Both board members strongly backed the increase in the residential exemption as a way to ease the burden on year-round residents after town voters approved an additional $26 million in school construction bonds earlier this year.
“It’s something that we have to do. Things are shifting, and I think this will help,” board member John Cahill said.
Chair Roy Cutrer agreed.
“Everything in Tisbury has become more costly for the year-round residents,” Mr. Cutrer said.
The increased exemption will lower the annual tax bill from $5,271 to $4,930 for Tisbury’s median home value of $988,400.
It also shifts another four per cent of the town’s residential tax levy to seasonal Tisbury homeowners, one of whom spoke in protest during Wednesday’s online hearing.

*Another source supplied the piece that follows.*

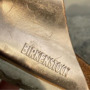 Elegant metallic gold sandals with Birkenstock branding. Ideal for everyday comfort.

Even 18 per cent is too much for a retired couple on a fixed income to assume on behalf of year-round homeowners, seasonal resident Carol Adelson said.
“We … would like to see this inequity decrease or be eliminated,” she told the board.
But most of Wednesday’s public testimony was squarely in favor of the raising the exemption, which town finance director Jon Snyder said has been at 18 per cent for the past eight years.
“I’m wondering if 22 per cent is enough?” asked Jeffrey Canha, while Mac Schilcher said the town needs to acknowledge that its residents are part of the reason for Tisbury’s success.
“If you don’t pass this tonight, it just makes it harder and harder and harder to live here,” Mr. Schilcher said.
The select board also voted not to shift any of the residential tax levy to Tisbury’s commercial, industrial and personal property classes, which town treasurer Jon Snyder said represent such a minuscule part of the total valuation that any shift would barely affect residential taxes while heavily burdening owners in the other property classes.
Wednesday’s decisions brought to a close Tisbury’s annual tax rate and property hearing, a more drawn-out process this year due to delayed state certification.